Both expressions satisfy the requirements for a constant expression as specified in 5.19 Constant Expressions [expr.const].

Regarding X<int()>, the standard specifies that int() is not interpreted as an expression in this context:

14.3 Template arguments [temp.arg]

In a template-argument, an ambiguity between a type-id and an expression is resolved to a type-id, regardless of the form of the corresponding template-parameter.

Regarding pointer conversions:

4.10 Pointer conversions [conv.ptr]

A null pointer constant is an integral constant expression (5.19) prvalue of integer type that evaluates to zero or a prvalue of type std::nullptr_t.

Based on the above paragraph, both int() and int{} are null pointer constant expressions. This points to a (very minor) compiler bug, although there is an open Defect Report (903) which may lead to this paragraph changing:

There was a strong consensus among the CWG that only the literal 0 should be considered a null pointer constant, not any arbitrary zero-valued constant expression as is currently specified.

The following wording deals with the value of the expression int():

8.5 Initializers [dcl.init]

To zero-initialize an object or reference of type T means:

[omitted clauses which don't apply]

if T is a scalar type (3.9), the object is set to the value 0 (zero), taken as an integral constant expression, converted to T

[...]

To value-initialize an object of type T means:

— if T is a (possibly cv-qualified) class type (Clause 9) with a user-provided constructor (12.1), then the default constructor for T is called (and the initialization is ill-formed if T has no accessible default constructor);

[omitted clauses which don't apply]

otherwise, the object is zero-initialized.

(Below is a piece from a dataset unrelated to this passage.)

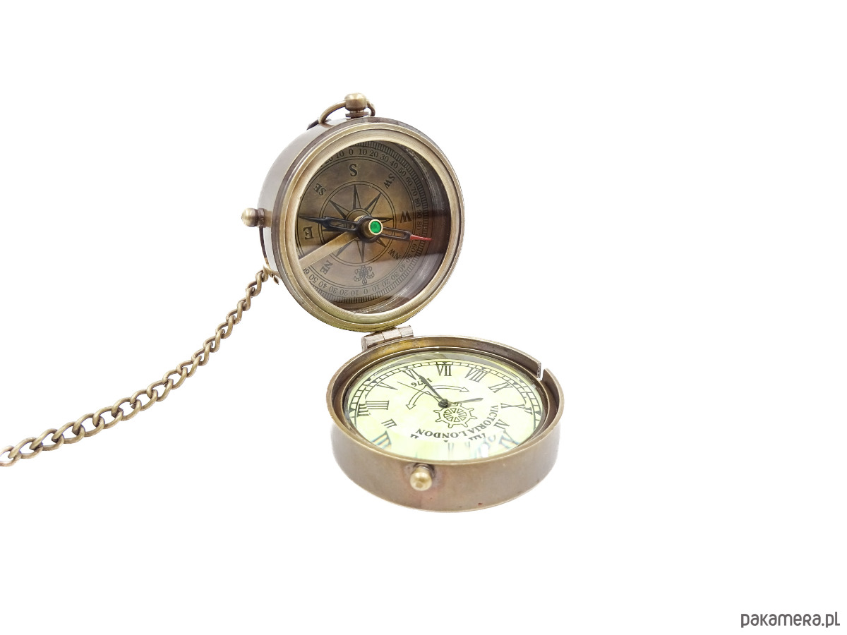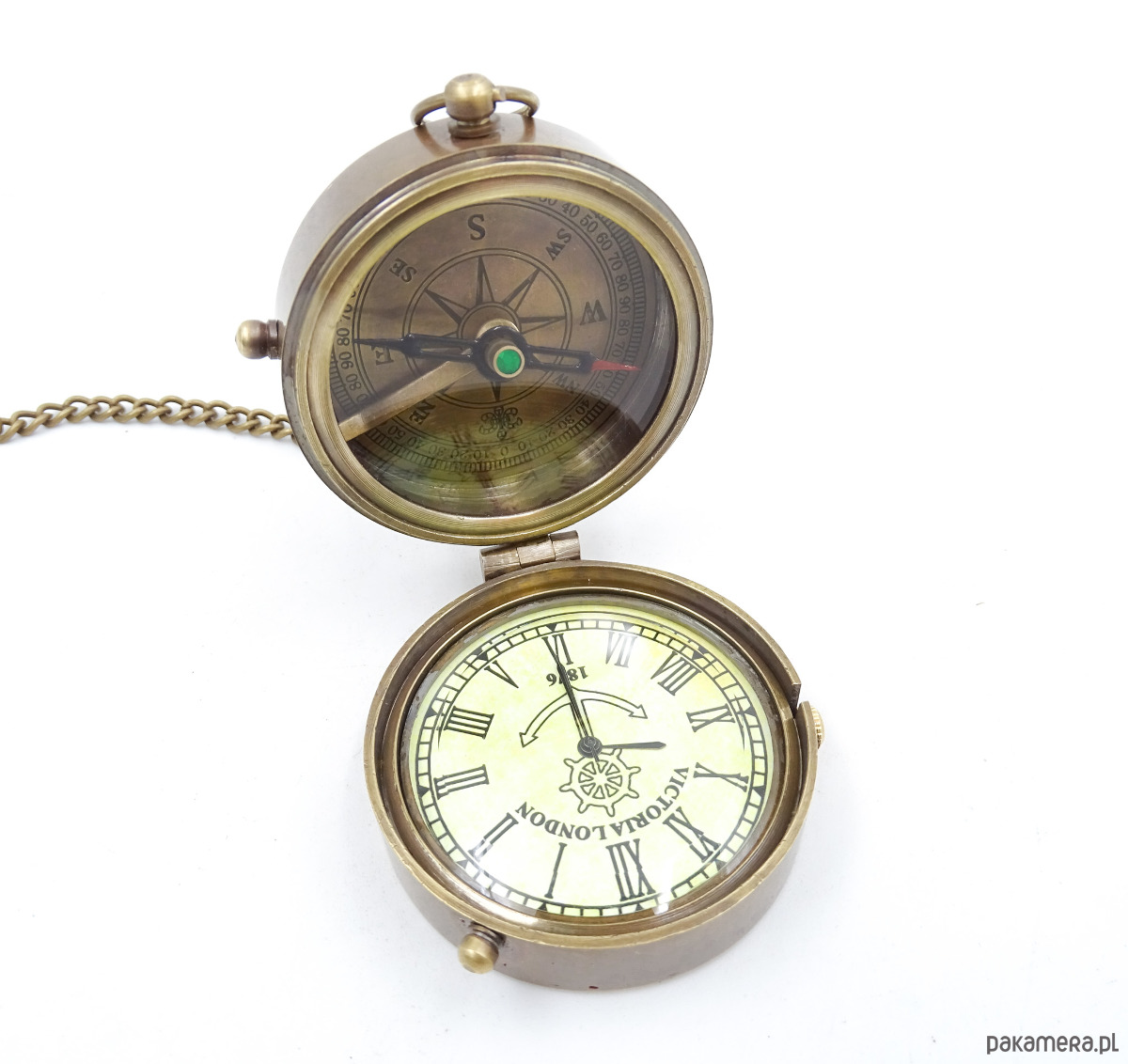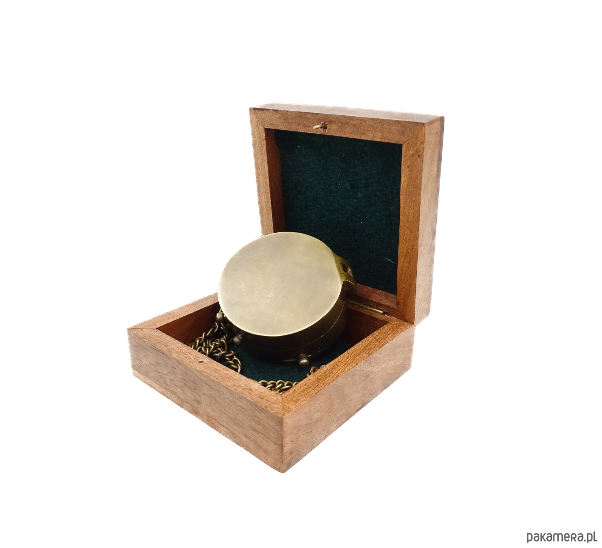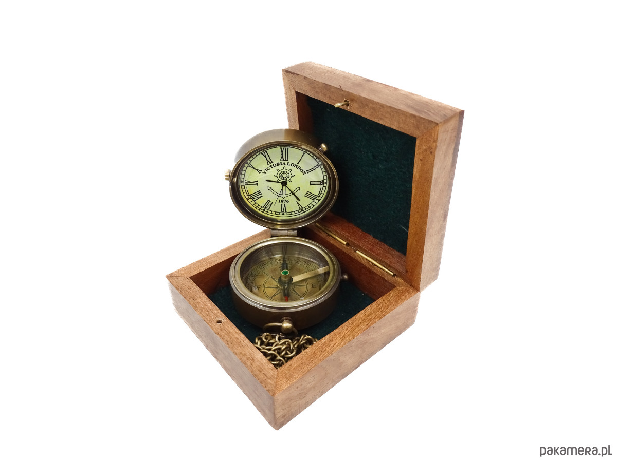 Kompas z zegarkiem mosiężnym w pudełku drewnianym, sprawdzi się jako:

An object whose initializer is an empty set of parentheses, i.e., (), shall be value-initialized.

And for the value of int{}:

8.5.4 List-initialization [dcl.init.list]

List-initialization of an object or reference of type T is defined as follows:

— If the initializer list has no elements and T is a class type with a default constructor, the object is value-initialized.

[omitted clauses which don't apply]

Otherwise, if the initializer list has no elements, the object is value-initialized.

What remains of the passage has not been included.